> [To do] The entries need to be copied exactly as they stand, images left out.

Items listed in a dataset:
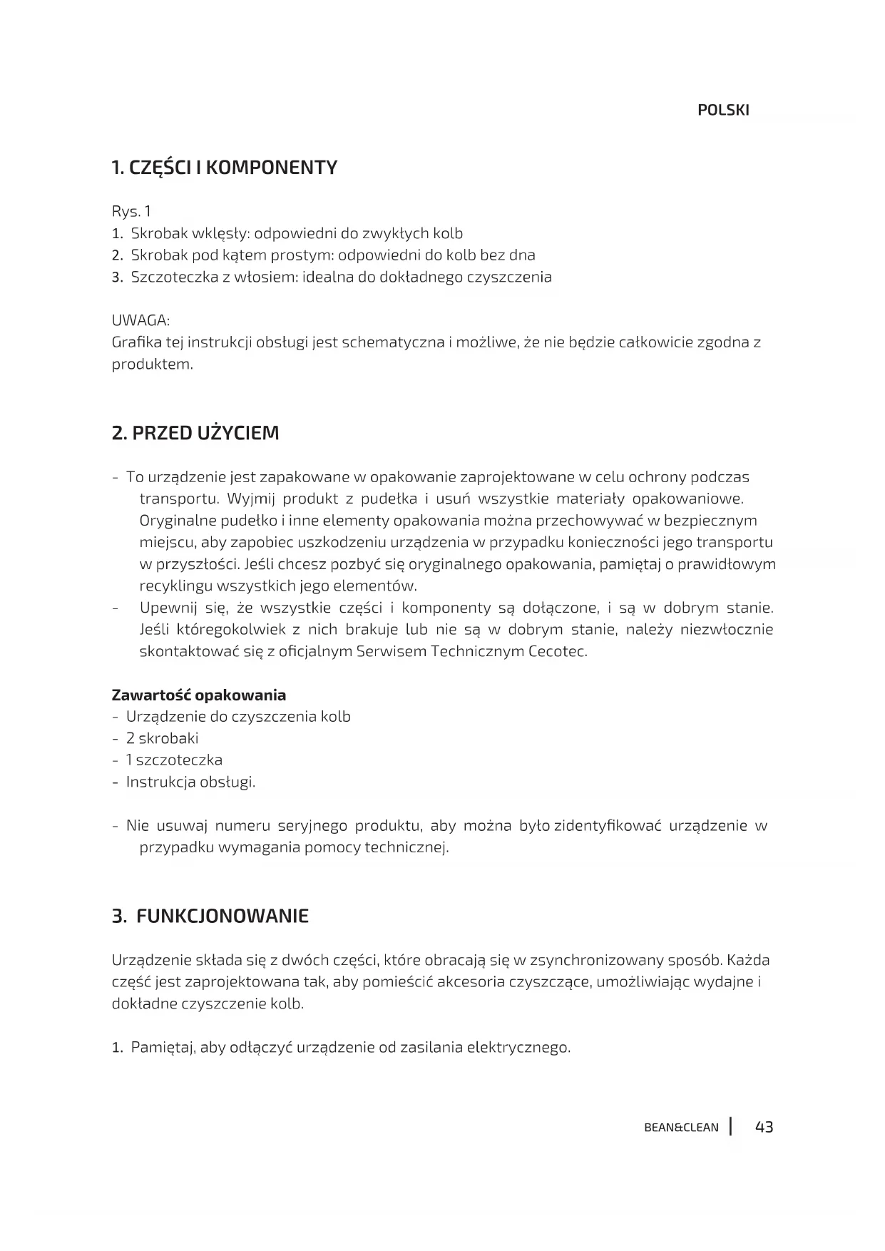 Przed użyciem produktu należy uważnie przeczytać poniższe instrukcje. Zachowaj tę instrukcję do wykorzystania w przyszłości lub dla nowych użytkowników.15 BEAN&CLEAN - Ostrzeżenie: Podczas czyszczenia kolby nie należy wywierać zbyt dużego nacisku, ponieważ może to spowodować uszkodzenie głowic. - Nie dotykaj głowic, gdy urządzenie jest włączone. Przed dotknięciem tych części należy upewnić się, że urządzenie zostało odłączone od zasilania. - Urządzenie należy stawiać na poziomej i stabilnej powierzchni. - Nie wolno instalować żadnych dodatkowych części, które nie zostały dostarczone wraz z urządzeniem. - Nie wolno zamoczyć silnika ani żadnych części elektrycznych. - Jeśli przewód zasilający jest uszkodzony, należy go wymienić na specjalny przewód lub zestaw dostarczony przez producenta lub serwis posprzedażowy. Nie używaj tego urządzenia, jeśli przewód zasilający lub wtyczka są uszkodzone. - Nie używaj urządzenia na zewnątrz ani w wilgotnym otoczeniu. - Przed wymianą głowic czyszczących lub wykonaniem jakichkolwiek czynności konserwacyjnych należy zawsze odłączyć urządzenie od zasilania. - Nie próbuj samodzielnie naprawiać urządzenia. W przypadku jakichkolwiek nieprawidłowości należy skontaktować się z ocjalnym Serwisem Pomocy Technicznej Cecotec. - To urządzenie może być używane przez dzieci w wieku 8 lat i starsze oraz osoby o ograniczonych zdolnościach zycznych, sensorycznych lub umysłowych lub bez doświadczenia i wiedzy, jeśli znajdują się pod nadzorem lub zostały poinstruowane w zakresie korzystania z urządzenia w bezpieczny sposób i rozumieją związane z tym zagrożenia. Dzieci nie mogą bawić się urządzeniem. Czyszczenie i konserwacja urządzenia, które ma przeprowadzać16 BEAN&CLEAN użytkownik nie mogą być wykonywane przez dzieci bez nadzoru. - To urządzenie przeznaczone jest wyłącznie do użytku domowego i nie nadaje się do użytku w barach, restauracjach, gospodarstwach rolnych, hotelach, motelach i biurach.
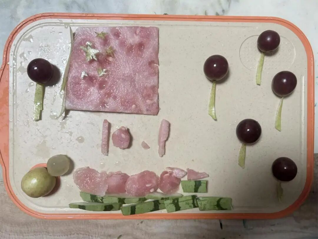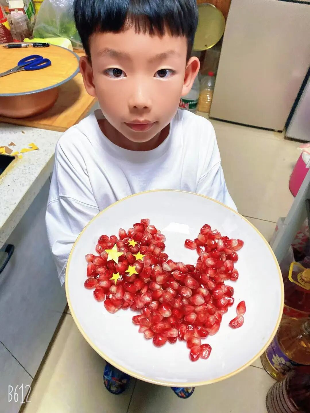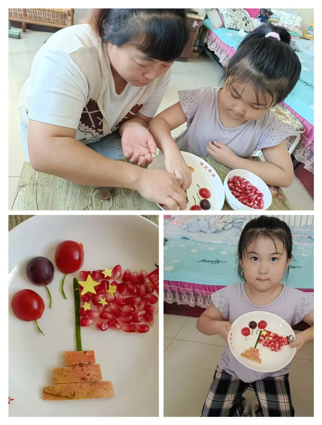 “小手拉大手,双节乐悠悠”,学校发起“亲子共做双节美食”活动,家长与孩子一同走进厨房,用创意与爱意制作国庆中秋主题水果拼盘,每一份拼盘都充满巧思。
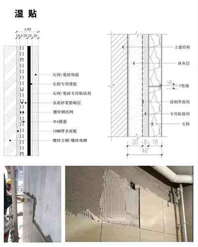 濕貼:指用水泥砂漿或膠泥作為石材粘接劑,基層用水泥類材料打底,再粘貼石材的做法。濕貼的工藝做法,比較節(jié)約空間,而且造價相對低廉。但容易返堿、空鼓。
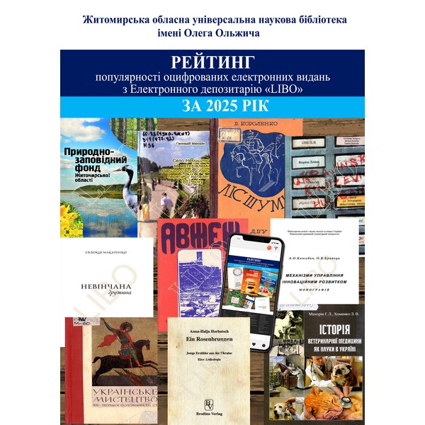Шановні користувачі, пропонуємо Вашій увазі ТОП-10 найбільш популярних видань у 2025 році за рейтингом перегляду з електронного ресурсу оцифрованих документів ОУНБ ім. О. Ольжича Житомирської обласної ради.
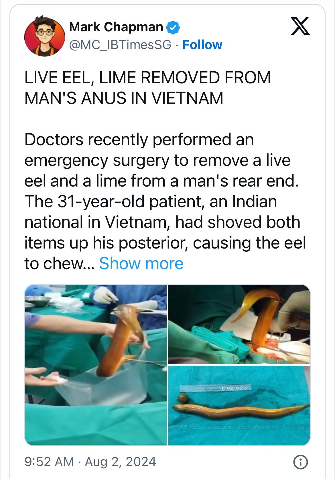 Doctors surgically removed the 25-inch-long, four-inch-wide eel from the young man’s esophagus, along with a lemon. The fish was pulled out alive. According to the New York Post, the young man also underwent a colostomy following the injury.

> [Result of this task]
 Przed użyciem produktu należy uważnie przeczytać poniższe instrukcje. Zachowaj tę instrukcję do wykorzystania w przyszłości lub dla nowych użytkowników.15 BEAN&CLEAN - Ostrzeżenie: Podczas czyszczenia kolby nie należy wywierać zbyt dużego nacisku, ponieważ może to spowodować uszkodzenie głowic. - Nie dotykaj głowic, gdy urządzenie jest włączone. Przed dotknięciem tych części należy upewnić się, że urządzenie zostało odłączone od zasilania. - Urządzenie należy stawiać na poziomej i stabilnej powierzchni. - Nie wolno instalować żadnych dodatkowych części, które nie zostały dostarczone wraz z urządzeniem. - Nie wolno zamoczyć silnika ani żadnych części elektrycznych. - Jeśli przewód zasilający jest uszkodzony, należy go wymienić na specjalny przewód lub zestaw dostarczony przez producenta lub serwis posprzedażowy. Nie używaj tego urządzenia, jeśli przewód zasilający lub wtyczka są uszkodzone. - Nie używaj urządzenia na zewnątrz ani w wilgotnym otoczeniu. - Przed wymianą głowic czyszczących lub wykonaniem jakichkolwiek czynności konserwacyjnych należy zawsze odłączyć urządzenie od zasilania. - Nie próbuj samodzielnie naprawiać urządzenia. W przypadku jakichkolwiek nieprawidłowości należy skontaktować się z ocjalnym Serwisem Pomocy Technicznej Cecotec. - To urządzenie może być używane przez dzieci w wieku 8 lat i starsze oraz osoby o ograniczonych zdolnościach zycznych, sensorycznych lub umysłowych lub bez doświadczenia i wiedzy, jeśli znajdują się pod nadzorem lub zostały poinstruowane w zakresie korzystania z urządzenia w bezpieczny sposób i rozumieją związane z tym zagrożenia. Dzieci nie mogą bawić się urządzeniem. Czyszczenie i konserwacja urządzenia, które ma przeprowadzać16 BEAN&CLEAN użytkownik nie mogą być wykonywane przez dzieci bez nadzoru. - To urządzenie przeznaczone jest wyłącznie do użytku domowego i nie nadaje się do użytku w barach, restauracjach, gospodarstwach rolnych, hotelach, motelach i biurach.
 “小手拉大手,双节乐悠悠”,学校发起“亲子共做双节美食”活动,家长与孩子一同走进厨房,用创意与爱意制作国庆中秋主题水果拼盘,每一份拼盘都充满巧思。
 濕貼:指用水泥砂漿或膠泥作為石材粘接劑,基層用水泥類材料打底,再粘貼石材的做法。濕貼的工藝做法,比較節(jié)約空間,而且造價相對低廉。但容易返堿、空鼓。
Шановні користувачі, пропонуємо Вашій увазі ТОП-10 найбільш популярних видань у 2025 році за рейтингом перегляду з електронного ресурсу оцифрованих документів ОУНБ ім. О. Ольжича Житомирської обласної ради.
 Doctors surgically removed the 25-inch-long, four-inch-wide eel from the young man’s esophagus, along with a lemon. The fish was pulled out alive. According to the New York Post, the young man also underwent a colostomy following the injury.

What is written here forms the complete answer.